Languages treat 1-4 specially

Languages treat 1-4 specially:
Commentary on Stanislas Dehaene's précis of
The Number Sense.

James R Hurford,
Language Evolution and Computation Research Unit,
Linguistics Department, University of Edinburgh

(In Symposium on Numerical Cognition, special issue of Mind and Language, 16(1):69-75 (2001).
Note: This HTML version may differ slightly from the printed version; the printed version is the `authorized' version.)

This commentary is in two sections. The first presents some specifically linguistic evidence regarding Dehaene's statement that, in animals and prelinguistic humans, ``only very small numbers (up to about 3) can be represented accurately''1. The second section contains some more general reflections on Dehaene's work.
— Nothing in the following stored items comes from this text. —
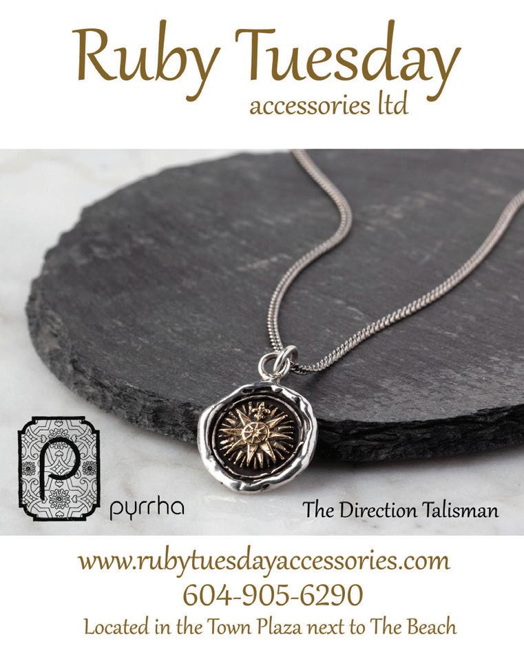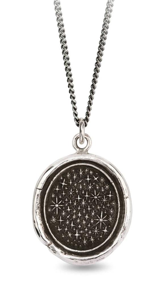 The expanse of stars on this talisman is symbolic of the cosmos within us. It is a comforting reminder that we are one with the universe and are connected to everything and everyone. Pyrrha Design inc. jewelry is sustainably handcrafted with 100 per cent recycled metals in Vancouver using antique wax seals and imagery from the Victorian era. Available at Ruby Tuesday $269.95
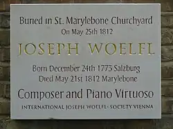 Woelfl suffered from tuberculosis, and died of the disease[6] in Great Marylebone Street, London, on 21 May 1812.[3] He is buried in St. Marylebone Churchyard.
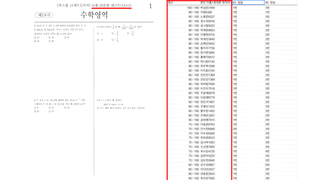 수능 날 시험 볼 떄와 똑같이 만들어 드립니다.
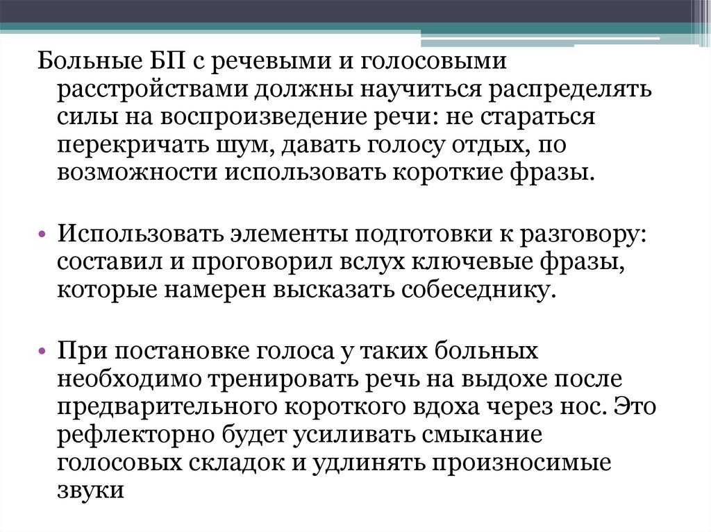 Больные БП с речевыми и голосовымирасстройствами должны научиться распределять
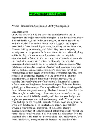 1. The student is asked to examine security of a hospital's information infrastructure and make recommendations. Assessments will include a technical report and non-technical presentation.
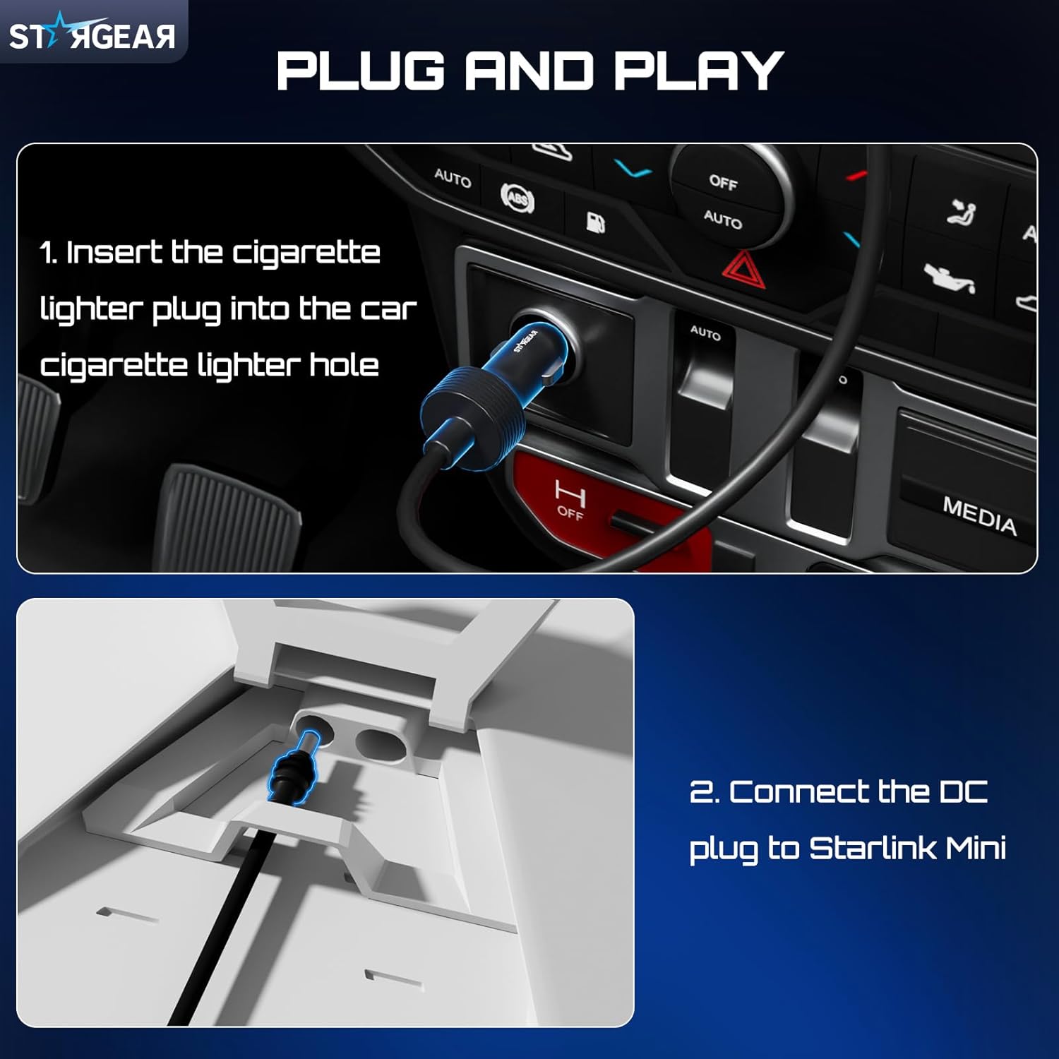 - Oustanding Starlink Mini Accessories: Plug this starlink mini 12v adapter to both the cigarette lighter socket and starlink mini dish, enjoy seamless internet access, enhancing convenience and efficiency from this starlink mini cable.
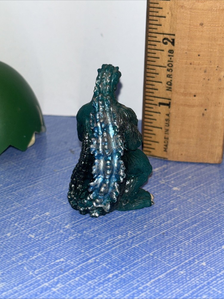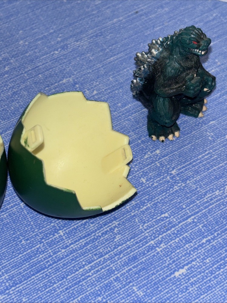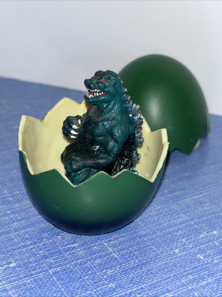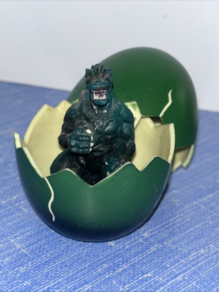 The product is a vintage 1993 Trendmasters Godzilla action figure from the Animated Adventures series. It comes with a hatching egg and is made of plastic. The figure represents Godzilla, a green character from the Godzilla franchise. It is an original licensed reproduction and is suitable for ages 4 and up. This collectible item is based on the Godzilla TV show and is part of the Movies theme.
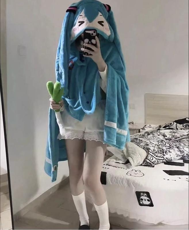 Нікому нічого просто так не відправляю : умови є на сторінці. Безпечна угода -оплата шафі , безпечна угода -повна оплата або передоплата 150 грн на карту продавця ; або повна оплата чи передоплата 150 на карту продавця ! Не бронюйте аби було !!!! В наявності! Гарної якості! Плед з капюшоном Hatsune Miku Розмір: 185*95см Матеріал: корал фліс

Linguistic discontinuity around 3 or 4

Dehaene argues that adequately accurate analog mental representation of very small quantities, in the range 1-4, is ancient. Evidence from language corroborates this. Languages show a tendency to express the first two, three or four numbers differently from slightly higher ones. Some of this difference in behaviour makes the lowest-valued numerals more like adjectives. This suggests that these very low numerosities may be perceived and represented like the meanings of basic adjectives, such as red, hot and round, as sensible properties of (groups of) objects. Higher numerosities, from about 5 upward, are less directly, or less reliably, observable, and representation of them relies not just on perceptual properties, but probably (at least in part) on their being associated with a particular slot in a conventional recited counting sequence. It seems certain that in the historical development of languages, words for the lower numbers existed before words for higher numbers. The idiosyncrasies which tend to be shown by the very lowest numeral words preserve ancient linguistic patterns. Wittgenstein captures the idea nicely:

``Our language can be seen as an ancient city: a maze of little streets and squares, of old and new houses, and of houses with additions from various periods; and this surrounded by a multitude of new boroughs with straight regular streets and uniform houses.'' (Philosophical Investigations)

Grammatical number

Grammarians use the term `(grammatical) number' for the singular/plural distinction marked on nouns in most languages, and supplemented in some languages by categories such as dual, and even trial. Clearly, grammatical number in a language is distinct from its numeral system. Grammatical number tends to be indicated in the morphology of nouns (e.g. by an affix), whereas numerals are distinct words or phrases. Grammatical number in fact has only a somewhat loose relationship with numeral expressions in a language. Nouns marked for grammatical number need not be accompanied by numerals. In Arabic, for instance, kitaab means `(a) book' and kitabeen means `two books'. The important point here is that the numerical limit for systems of grammatical number is at around 3 . A few languages have distinct trial forms of nouns, for describing collections of 3; quite a few more languages have dual distinct forms, for describing pairs of things; and of course, almost all languages distinguish singular from plural.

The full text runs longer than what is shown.